Mike McKay says Erie Hack provides shared solutions to shared problemsMike McKay says Erie Hack provides shared solutions to shared problems

UWindsor research team joins province-wide COVID wastewater project

Researcher Mike McKay of the Great Lakes Institute for Environmental Research and his team will be part of a first-of-its-kind province-wide SARS-CoV-2 wastewater surveillance project announced yesterday and supported by Ontario Genomics, Genome Canada, and the biotech company Illumina.

Dr. McKay will collaborate with Ontario Genomics, University of Guelph, University of Ottawa, Children’s Hospital of Eastern Ontario, and others to analyze COVID-19 in wastewater to improve public health response and better understand outbreaks in communities across Ontario.

The project will enhance critical province-wide co-ordination and viral surveillance and support provincial and national efforts to understand how the virus that causes COVID-19, SARS-CoV-2, is changing over time through emerging variants, including variants of concern.

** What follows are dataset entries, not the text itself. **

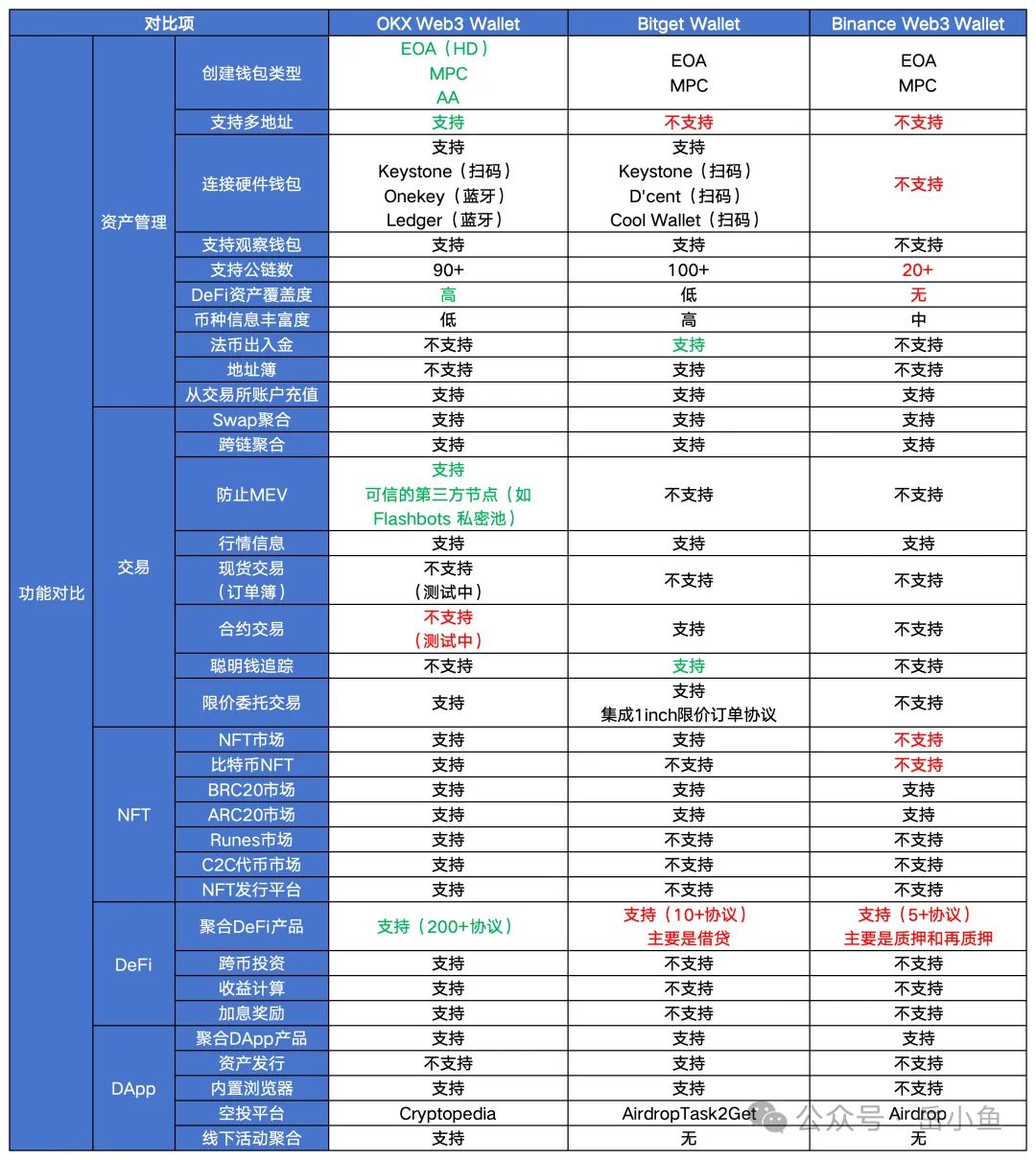(4)钱包类型:eoa钱包是最基础的类型,目前比较热门的是mpc钱包,未来的探索方向是aa钱包,整体上okx钱包做得更靠前;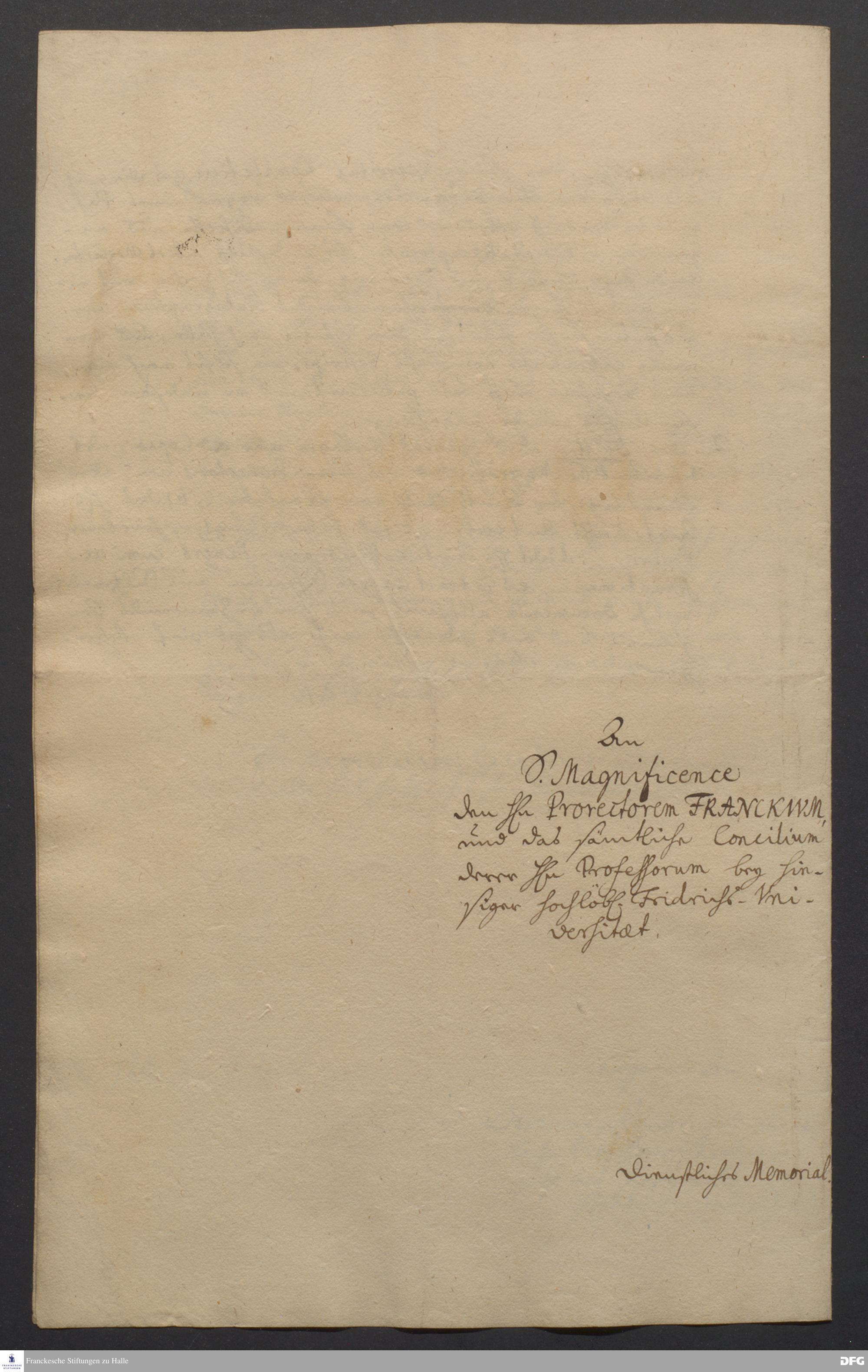 Brief der [Paul Anton, Johann Heinrich Michaelis, Joachim Lange, Johann Daniel Herrnschmidt] an August Hermann Francke und die Professoren der Universität Halle.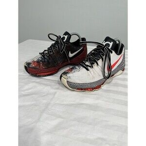 The Nike KD 8 VIII Kevin Durant NBA Christmas Edition Shoes Sneakers in size 7Y are a stylish and colorful option for young athletes. With a low top design and tie closure, these sneakers feature a standard shoe width for comfortable wear during activities like walking, school, or basketball. The multicolor design, American theme, and Nike brand make them a trendy choice for kids who want to follow in the footsteps of basketball star Kevin Durant.
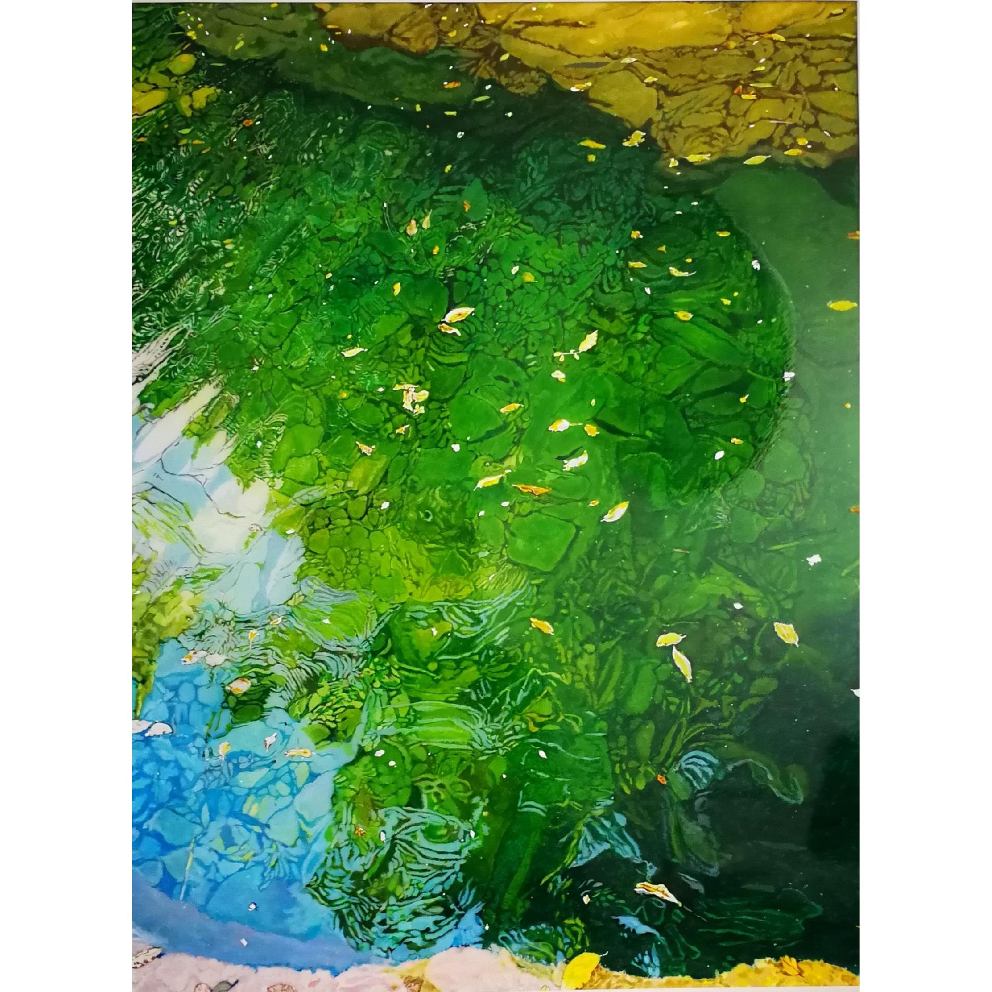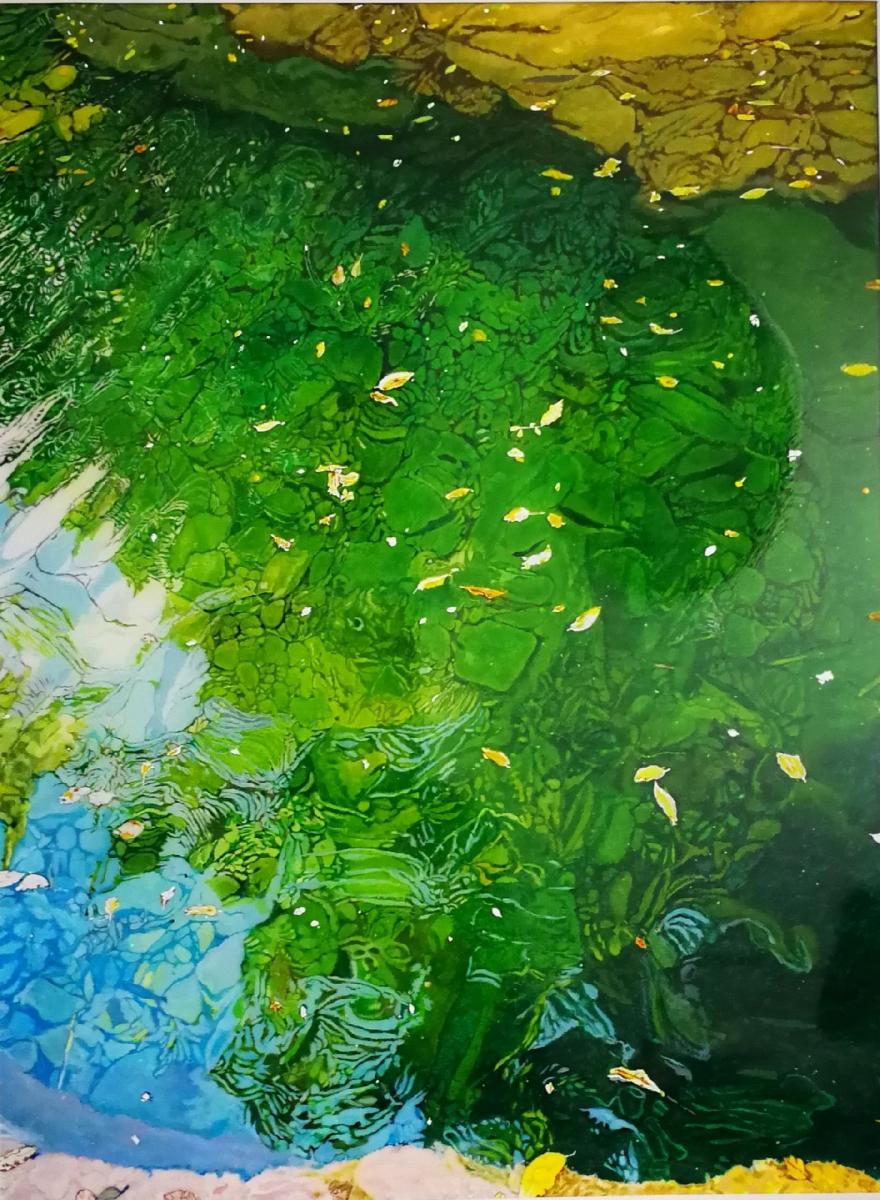 Specchiod’acqua cascata - Greto fiume Rabbi. Gesso,pittura acrilica e resina su pannello multistrato

The virus responsible for COVID-19 is shed in feces. Early in the pandemic, McKay and his team from the UWindsor faculties of Science and Engineering recognized that trends in infection rates in communities can be determined by detecting the presence of the virus’s genetic signature in sewage entering wastewater treatment plants.

“An alternative to testing individuals lies literally beneath our feet in our municipal sewer systems,” McKay explained. “A 24-hour composite sample of raw sewage represents the fecal discharge of the entire community served by the plant, effectively providing a community-wide swab.”

Variants of concern have mutations that can make them more transmissible, capable of immune escape, and more likely to cause severe disease with a higher mortality rate, though wastewater surveillance can provide critical information about COVID-19 community spread sooner than individual test results or reports of illness.